Supply side economics is ass-backwards.
If Henry Ford had asked "ordinary people" what they wanted in the way of improved transportation, they would have said "faster horses." There was nothing like the Macintosh computer or the I-phone until a creator created them. Until McCormick invented the reaper, farmers wanted better fieldhands.
The money gifted to the masses in order to create demand does not come out of a magic box. If you torch the makers to give money to the takers, you will lose the makers.

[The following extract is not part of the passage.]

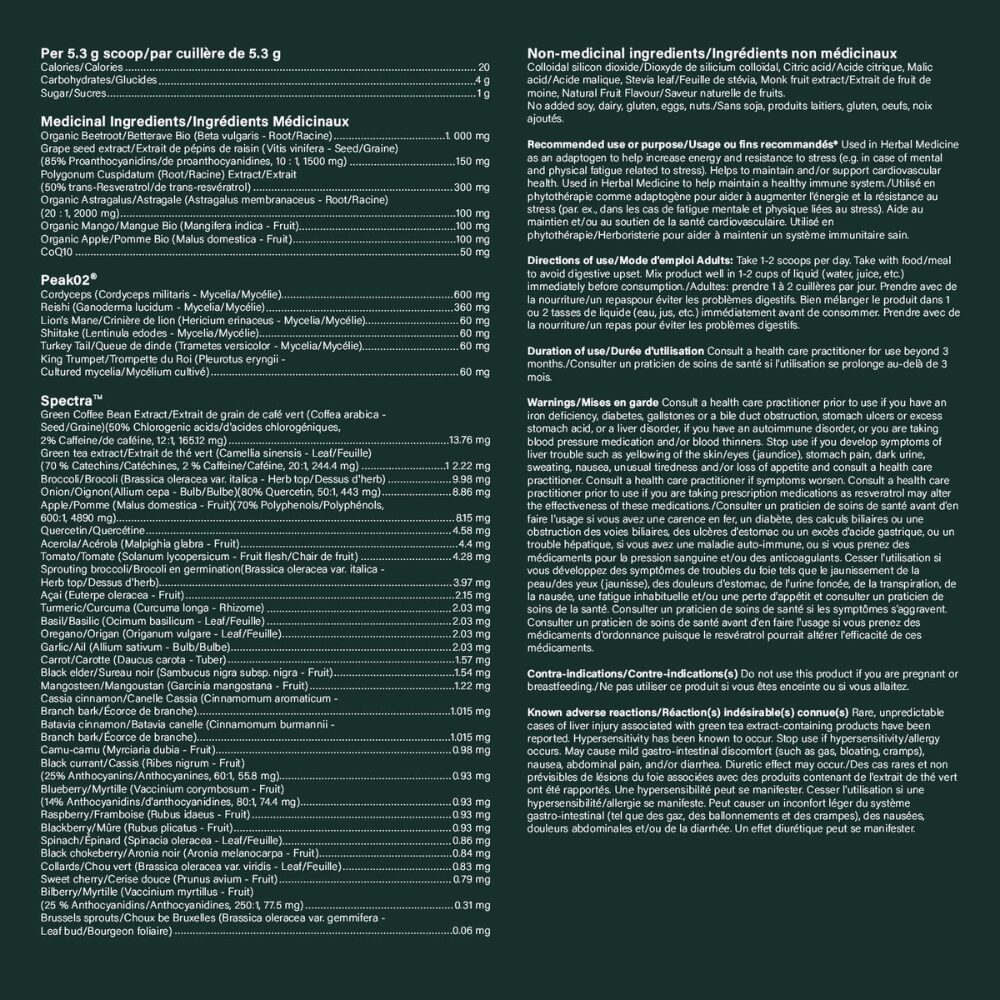 - Resveratrol, CoQ10, mango extract, and apple extract enhance mitochondrial energy production for increased energy without jitters.

Cisco: I believe the earth is about 4.5 billion years old and was not created by a magic sky man, and evolution explains the diversity and complexity of life. I also believe that each one of us generally gets paid what we are worth, and we all sell our time and talents and skills and effort to the highest bidder. If we don't like the best bid, we can always figure out a way to be of value to the rest of society and hang out our own shingle. (Although I guess complaining about the unfairness of it all on a message board is good enough for some.)
Everything on the right is based on fantasy and myth.
What do you expect from people who think evolution is a lie, the earth is only 10,000 years old
and was created in 7 days out of thin air by the magic man in the sky.
Why should we listen to you when you have shown many times you don't know the difference between profit and revenue?
Supply and demand. When VW opened in CHattanooga, the ratio of applicants per line job greatly outpaced the ratio of applicants per professional job. The latter requires college degrees, which raises salary expectations. And the line worker is no different than the retail cashier of the CFO, each gets paid based on their replacement cost, which is a function of prereq skill requirements and the aforementioned ratio of avaialable replacement supply.
Saw a mfg study where 166 today produce as much as 1,000 in 1971. That means there are 5 available replacements w/o add'l unemployment per available job. Robots increase that ratio every day. Most of our subsidiaries no longer have a job classification for pack out; robots do it.
I can think of more than one company that believes its employees are vital to their operations to the point where they get very good wages and benefits relative to those in the company who hold professional positions (by the way, I am a professional, and the non-professionals in the company I formerly worked for were paid equivalent wages and benefits). Be that as it may, the fact is that the gap between the haves and have nots has never been greater in this country. I suggest that the Wallstreet types ought to take the occupiers a little more seriously, because I also suspect their protests are the proverbial tip of the iceburg.
Actually Apple was the first to come out with the GUI. Microsoft made a version of the GUI for the PC by copying Apple's idea. But that's beside the point.
DOS was difficult to learn for the average person so companies that relied on computers demanded an easy to use operating system that was also affordable. That's where Microsoft came in. They fulfilled a demand, they didn't create it.
Both Apple and Microsoft borrowed UI technology from Xerox's PARC research. Microsoft did not copy Apple.
cisco kid, In the DOS world, few used PCS in offices. People did tons manually in ways that allowed those familair with DOS to input it efficiently, but think of the efficiency which on the bad side was staff reductions, Microsofts' system allowed. (PS, The ability to learn DOS would NEVER have amounted to anything much. It was noy user friendly at all.)
I'd put it up with the uniform shipping container in terms of impact on job quantity requirements. Each allowed an unbelievable job in efficiency.
orogenicman, Thomas Friedman summed it up best, as to why the spread is widening. The days of "being average" are over. We'll all need our "A" game from now on, or else we become part of the "have nots".
For decades post WWII, we had no competition with Europe and Japan in ruins, and average was tolerated, and flourished. That was bad long-term, as today we act like average s/b ok. It never was. It was just masked over by our monoploy powers.